1. Field of the Invention
The present invention generally relates to automated training and, more particularly, is concerned with vehicle simulators.
2. Description of the Prior Art
A vehicle simulator can be defined as a system that simulates the operating conditions of a vehicle in an environment. Where the vehicle simulated is a car, the environment typically includes a road. In this case the environment may also include weather conditions such as rain or snow. Besides cars, examples of other types of vehicles that may be simulated include airplanes, ships, submersibles and space vehicles.
Vehicle simulators provide the means to efficiently train vehicle operators. That is, a simulator can be used where an operator has a need to safely learn how to operate the particular vehicle being simulated. Rather than train an operator on a real-world vehicle, the simulator is used thereby avoiding accidents. Clearly, experience garnered through making mistakes on a simulator is invaluable when compared to the inherent risks of vehicle damage, and moreover, operator injury, associated with making a driving error in a real-life situation.
In some sense, a simulator achieves a balance between testing the operator's knowledge of the "rules of the road" and testing the operator's use of a vehicle. Testing the operator's knowledge is typically and conveniently accomplished through written and/or 'verbal examinations. However, examinations are of limited usefulness for operator training. For example, operator reflexes are not tested at all, and, moreover, such examinations do not adequately address the skills necessary for real-time decision-making.
Besides concerns for operator safety, the other alternative, actual vehicle operation, has its pitfalls too. First, the cost of instructor time may be prohibitive. Furthermore, the actual vehicle itself, such as for space or undersea operation, may simply not be available. Lastly, there is always the risk of an accident when a student is training on an actual vehicle under realistic conditions. Although a certain amount of training may occur in benign environments, for example, learning to drive a car in an empty parking lot, there comes a time, early in the operator's training, where driving in an unrealistic environment is no longer useful or practical.
Vehicle simulators address the issue of presenting the operator with a realistic training environment. The principal shortcoming of existing training systems, however, is that they do not provide realistic feedback for incremental learning. For example, in most known systems there are no means for instantaneously gauging one's progress against a prior use of the vehicle while it is in operation.

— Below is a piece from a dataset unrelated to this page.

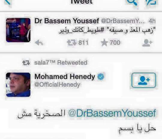 ويرد باسم يوسف: “ده حكيكي.. فين أيامك يا يصري” #طويط_كأنك_وذير.

Video arcade games are another technology providing a certain degree of user feedback. Arcade games are typically placed in public areas such as arcade halls, theaters, airports and other such areas where the users can occupy time and entertain themselves by playing the game. Arcade games utilizing video displays have been around for some time now, beginning with the simplistic game of bouncing a ball across a line with paddles known as "Pong". However, with the passage of time, video arcade games have become ever more sophisticated and realistic.
Because arcade games have housings which occupy limited space, the game computer equipment is subject to strict space constraints. In addition, the user's interest must be captured and maintained by the simulator, thus requiring that processing be accomplished in real-time. The competing space and time goals thus make the task of injecting realism into the games more difficult.
In many senses, the arcade game called "Hard Drivin'.TM.", manufactured and distributed by Atari Games Corp. of Milpitas, Calif., represents the state of the art in arcade game realism. The physical layout of the game includes clutch, brake and gas pedals, a gearshift and a steering wheel. The user, or driver, is provided feedback response from a video display having a three-dimensional graphical representation of the driving environment and from a speaker which generates realistic sounds of driving. A digital processor, comprising a number of microprocessors and a memory, is the interface between the user inputs and the feedback response.
Many current arcade games, including the one previously described, require that the user compete against some unknown "best" or "champion" player who has played the game at some point in the past. A player becomes a new champion by maximizing some metric or set of parameters and thereby displacing a previous champion. Besides; the noted issue of anonymity, in most of these arcade games the only indicia of the champion's skill level is a single numeric score. Hence, there is no indication of what moves, speeds, etc., the champion used to obtain the high score. A recording of a game would be most important if the user desired to improve his skill level as against someone having greater skill at playing the game such as the champion.
Other systems have incorporated the device of connecting two arcade games together and having users compete against one another with full knowledge of Who they are competing against, their actions being coordinated and displayed simultaneously. In such multiple machine configurations, a serious disadvantage is that it is costly to the proprietor since the play area doubles and the cost of machines doubles for the given game. Furthermore, these games do not present an indication of what moves an individual player needs to improve if the competing player happens to be less skillful than his counterpart.
Consequently, a need exists for realistic vehicle simulators and arcade games to provide personalized feedback, wherein the feedback may be personalized by either the operator/user or by an instructor/champion.